La visita a Segovia no fue en vano. Enrique la aprovechó para idear la técnica arquitectónica que le permitiera salvar con una escalera la altura que había desde la puerta de la Coronería al suelo de la catedral nueva. El arquitecto dibujó una doble escalera en forma de zigzag que fue muy celebrada por el cabildo, cuyos miembros instaron al maestro de Rouen a comenzar a construirla de inmediato, pues los peregrinos que llegaban a la puerta de la Coronería tenían que dar toda la vuelta a la catedral para poder acceder por la del Sarmental, la única en servicio hasta entonces.
D
urante la primavera se acabaron las obras arquitectónicas de la Coronería. Enrique la había diseñado siguiendo el modelo de la puerta central de la portada sur de Chartres, y lo había hecho como homenaje a su padre, el maestro Juan de Rouen, que la labrara justo treinta años antes. En alguna ocasión, Juan de Rouen le había dicho a su hijo Enrique que esa portada comenzó a construirse justo al tiempo de su nacimiento. Un maestro la había imitado en la iglesia de la abadía benedictina de Marmoutier, pero no había alcanzado la perfección de la de Chartres.
Enrique no estaba demasiado contento con las grandes figuras de los apóstoles que se estaban labrando para la Coronería. Los escultores que trabajaban en el taller de cantería no eran demasiado expertos, y tuvo que ser él mismo quien retocara los últimos detalles de los rostros, para que al menos las caras de los apóstoles tuvieran una mayor calidad que el resto.
El rey de Castilla y León, tras haber permanecido una larga temporada en Córdoba, regresó a Burgos. Don Fernando, antes asiduo a la que era considerada ciudad cabeza de Castilla, apenas la visitaba ahora. El monarca se encontraba muy a gusto en su palacio de Córdoba, el que fuera alcázar de los califas omeyas. A sus cuarenta y cinco años, con varias enfermedades soportadas con paciencia y resignación, con decenas de batallas, cabalgadas y campañas militares a sus espaldas, don Fernando comenzaba a sentirse cansado. Decía que el frío y la humedad de las tierras del norte de sus reinos le provocaban dolores en las articulaciones y en los huesos, y prefería el calor sofocante del Guadalquivir a las nieblas heladoras del Duero.
Durante el verano, el rey Fernando visitó varios lugares de Castilla y llegó en el extremo oriental de su reino hasta la ciudad de La Calzada, una localidad que fundara Domingo de Guzmán, quien fuera canónigo de la catedral de Osma, para refugio y descanso de peregrinos y a la vez para defensa del puente que construyera el propio Domingo sobre el cauce del río Oja.

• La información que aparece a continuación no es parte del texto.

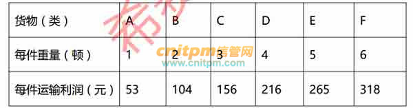 用一辆载重量为 10 吨的卡车装运某仓库中的货物(不用考虑装车时货物的大小),这些货物单件的重量和运输利润如下表。适当选择装运一些货物各若干件,就能获得最大总利润( )元。A.530B.534C.536D.538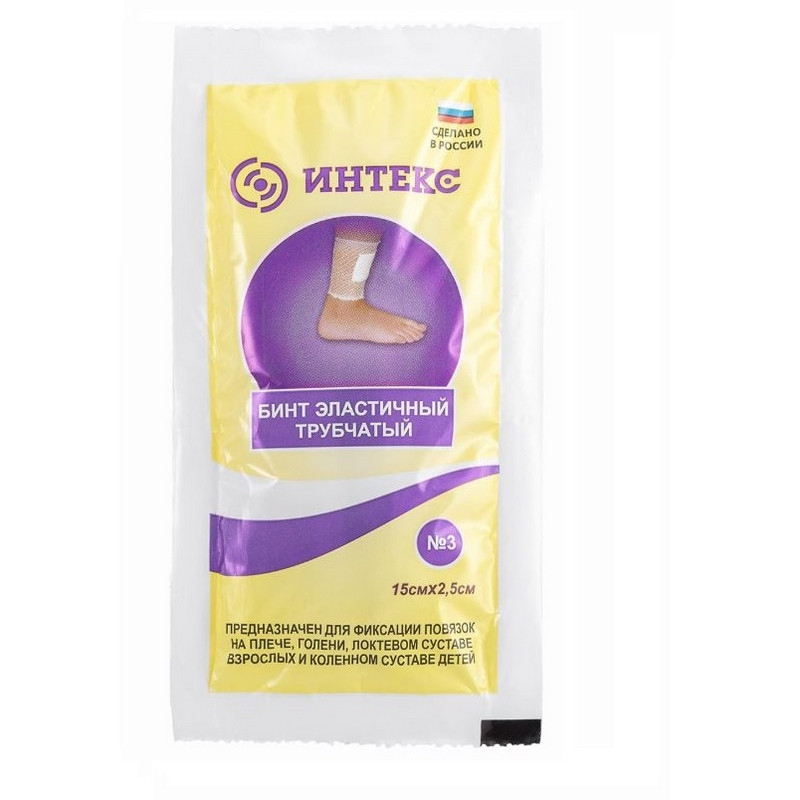 Бинт №3 трубчатый 'ИНТЕКС' используют для фиксации повязок. Бинты обладают хорошей эластичностью, поэтому растягиваются до нужных размеров и надежно обхватывают место перевязки. Индивидуальная упаковка бинтов 'ИНТЕКС' изготавливается из пленки ПВХ и содержит маркировку на каждой штуке, упаковка водостойкая и защищает бинты от повреждений при транспортировке и хранении. 1 упаковка включает в себя 20 штучных бинтов. Бинт № 3 предназначен для фиксации сухих и влажных повязок на плече, голени, локтевом суставе взрослых и коленном суставе детей. По всей длине бинтов №3 нанесена маркерная полоса бежевого цвета, которая предназначена для правильной ориентации бинта по оси при наложении его на тело, с целью предотвращения перекручивания бинтов при их использовании. Перед вскрытием убедитесь, что срок годности трубчатого бинта №3 не просрочен, если срок годности хороший - вскройте разовую упаковку. Достаньте из упаковки трубчатый бинт 'ИНТЕКС' №3 и аккуратно натяните его на место, где закреплена фиксируемая салфетка или повязка. После чего, займитесь распределением трубчатого бинта №3 по окружности места травмы так, чтобы осевые нити сетки были прямыми. Следите за маркерной полосой на поверхности бинта, она не должна перекручиваться.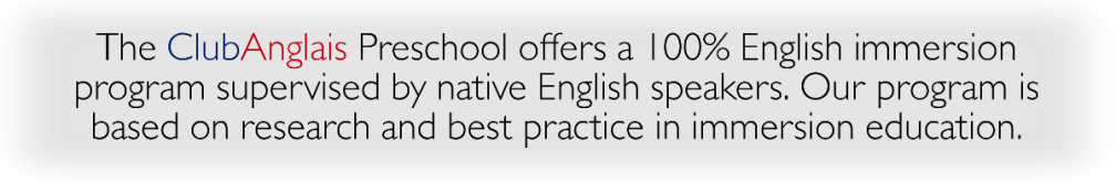 Research conducted by Kuhl (2010) and others indicates that the best time for your child to learn a foreign language is between the ages of 2 and 7 (click here to read research). At ClubAnglais your child will be completely immersed in English all day, every day under the supervision of native English speakers. We will be implementing best practice in immersion education based on research from the Center for Advanced Research on Language Acquisition (www.carla.umn.edu). Our curriculum was developed specifically for immersion preschools by add.a.lingua (www.addalingua.com), leaders in immersion education in the United States. |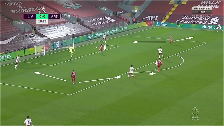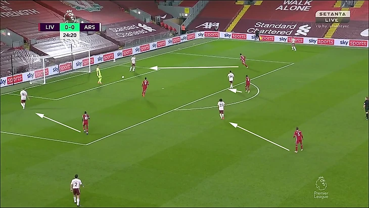 Во-первых, такой объем давления не мог вообще не дать моментов из затяжных позиционных атак (кое-что «Ливерпуль» придумал). Во-вторых, у команды достаточно альтернативных методов вскрытия соперника (стандарты; прессинг и контрпрессинг; вертикальные атаки в случае, если «Арсенал» теряет мяч или решает прессинговать). Подробнее разберем эти методы ниже.

En Burgos, el rey visitó la catedral y se congratuló por la buena marcha de los trabajos y sobre todo por la solución que Enrique había dado a la escalera de la puerta de la Coronería. Don Fernando trajo decenas de carretas cargadas con tinajas de aceite de oliva. La conquista del Guadalquivir había puesto en manos de los comerciantes castellanos la mayor zona productora de aceite de oliva de Occidente, un producto que no sólo se empleaba para conservar alimentos o para condimentarlos, sino también como remedio a ciertas heridas en la piel, como combustible para los candiles o para elaborar ciertos preparados y empastes.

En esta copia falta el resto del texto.